CINÉMAFestival de Cannes

« Les Proies », capturer les captifs

Après The Bling Ring, sélectionné à “Un Certain Regard” en 2013 à Cannes, Sofia Coppola est revenue sur la Croisette cette année en compétition officielle avec Les Proies. Un film captivant dans lequel la réalisatrice de Virgin Suicides capture à merveille Nicole Kidman, Kirsten Dunst, Elle Fanning et Colin Farrell. Pour notre plus grand plaisir, et un prix de la mise en scène à la clé.

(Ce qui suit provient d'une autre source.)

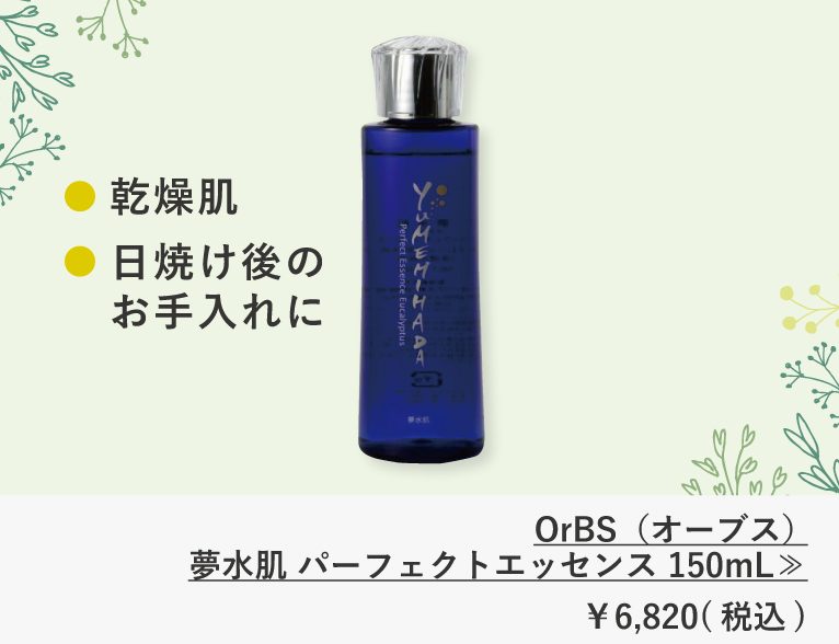 『オーブス』のスキンケアアイテムは、防腐剤などの添加物を一切使用していないので、ゆらぐ季節の強い味方です。日焼け後のお手入れにもおすすめで、これからの季節に1本持っておきたいアイテムです。
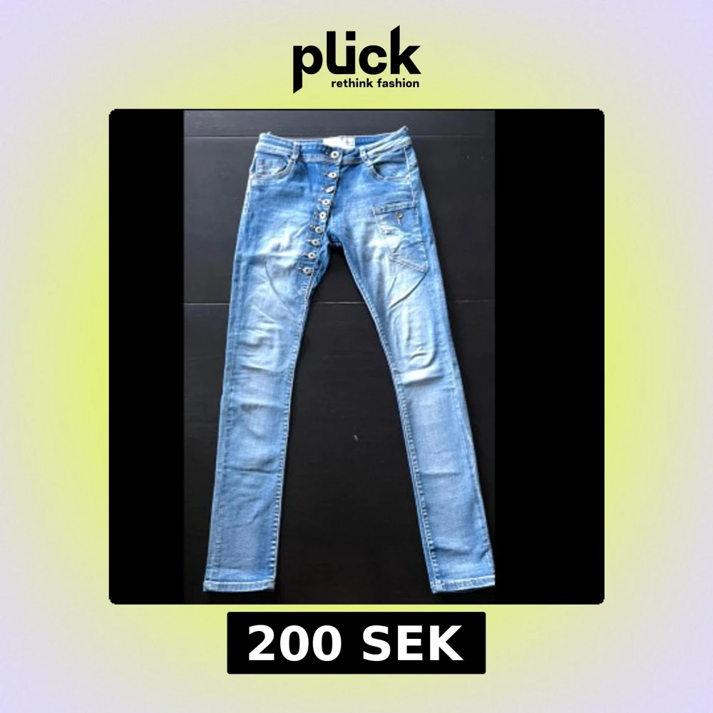 Snygga ljusblå skinny jeans från Chica London med flera knappar framtill och coola detaljer på fickorna. Jeansen har klassisk femficksdesign och är tillverkade i stretchigt denim för en tight passform. Perfekta för dig som gillar en trendig och bekväm stil.
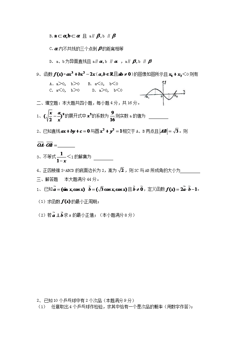 【文档预览】 无忧考网整理发布2011年河南郑州中原区高中数学教师招聘考试真题A卷(Word版),前五页预览如下:

La guerre de Sécession fait rage. Les canons en fond sonore, la caméra vole à travers les arbres puis atterri doucement dans une forêt mystérieuse. Nous suivons une jeune fille en train de cueillir des champignons, en robe, chantante et bien coiffée. Pas de doute, nous entrons dans l’univers d’un conte. La jeune fille au panier tombe sur un homme blessé, un “yankee” évadé du 66ème régiment. Elle décide de bon cœur de l’aider – de le porter même – jusqu’à son internat où il ne reste, à cause de la guerre, que celles qui n’ont nulle part où aller. Alors qu’il devait rester là seulement le temps de guérir sa jambe, des tensions sexuelles se révèlent parmi les pensionnaires de l’internat et le caporal devient objet de toutes les convoitises.

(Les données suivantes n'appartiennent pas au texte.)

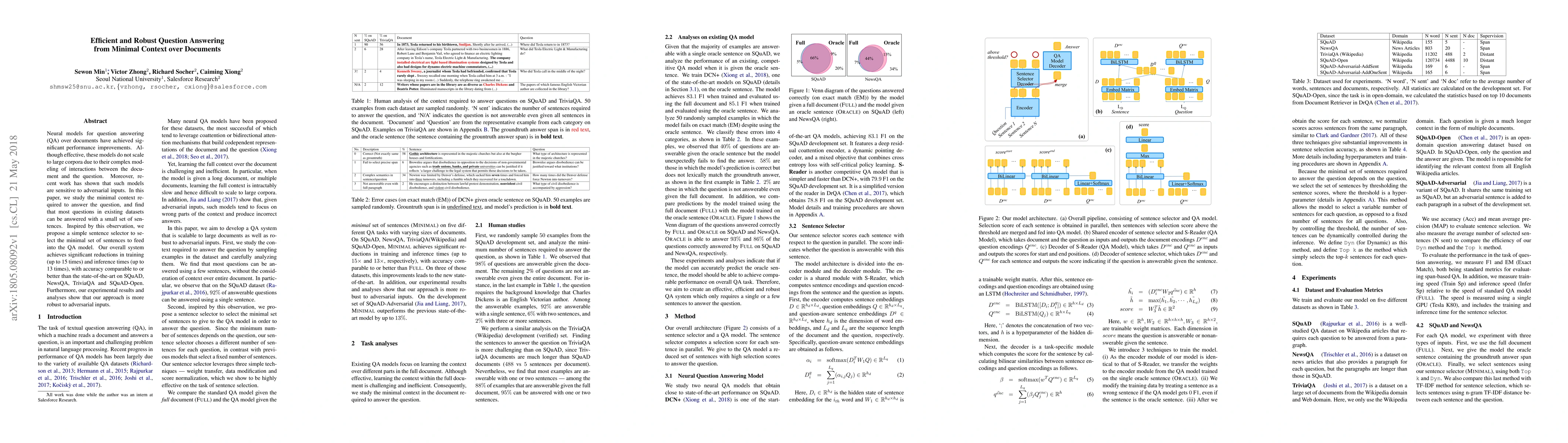 Neural models for question answering (QA) over documents have achieved significant performance improvements. Although effective, these models do not scale to large corpora due to their complex modeling of interactions between the document and the question. Moreover, recent work has shown that such models are sensitive to adversarial inputs. In this paper, we study the minimal context required to answer the question, and find that most questions in existing datasets can be answered with a small set of sentences. Inspired by this observation, we propose a simple sentence selector to select the minimal set of sentences to feed into the QA model. Our overall system achieves significant reductions in training (up to 15 times) and inference times (up to 13 times), with accuracy comparable to or better than the state-of-the-art on SQuAD, NewsQA, TriviaQA and SQuAD-Open. Furthermore, our experimental results and analyses show that our approach is more robust to adversarial inputs.

Être en proie à notre imagination

Éclairé souvent à la bougie ou d’une lumière quasi-surnaturelle, chaque plan du film de Sofia Coppola est un émerveillement. Des plans larges du début, en pleine forêt, où les arbres se courbent sur les personnages jusqu’au plan de fin, où les personnages sont laissés derrière une grille dans un long travelling avant, chaque corps semble à la fois en proie au décor et lueur d’espoir dans ce monde chaotique. À cette atmosphère inquiétante s’ajoute une tension émanant de toutes les actrices. Le gant trempé de Nicole Kidman qui remonte le long de la cuisse du caporal en fait naître une, que les regards lointain et passionnés de Kirsten Dunst attise. Les sourires certains d’Elle Fanning, eux, l’intensifie. Chez chacune d’entre elle, un désir violent est palpable. Colin Farrell à côté paraît fade, et surtout, campe un personnage dont les volontés ne seront jamais exaucées. Son personnage est faible et tout le début du film est composé dans ce sens ; quand le caporal est couché et souffrant, les femmes sont droites, bien au-dessus de lui et en pleine lumière. Une fois sa guérison terminée, il ne restera d’ailleurs pas longtemps sur ses deux jambes, comme pour lui rappeler qu’il n’a et n’aura aucun pouvoir en la demeure.

Cette maison dont elles ne sortent jamais, où la grille s’entrouvre à peine quand il s’agit de la visite de soldats ; cette obscurité omniprésente, enfermant les personnages ; cette clé qui ferme la porte de la chambre dans laquelle est accueilli le caporal ; tout, dans le film, est un verrou de plus de ce piège qu’est l’internat. Ce huis clos, qui aurait pu être le terreau de toutes les transgressions, ne l’est pas. Les tensions ne s’expriment jamais frontalement. Tout le film, quand la complicité des personnages n’est pas l’occasion de rire, est construit sur le dialogue entre les tensions sexuelles de ces femmes et leurs prières de chaque soir. Au delà du jeu des actrices et de la maîtrise de chaque plan, c’est ce jonglage entre la foi et les tabous qui en fait un film passionnant, car c’est une merveille pour l’imagination des spectateurs.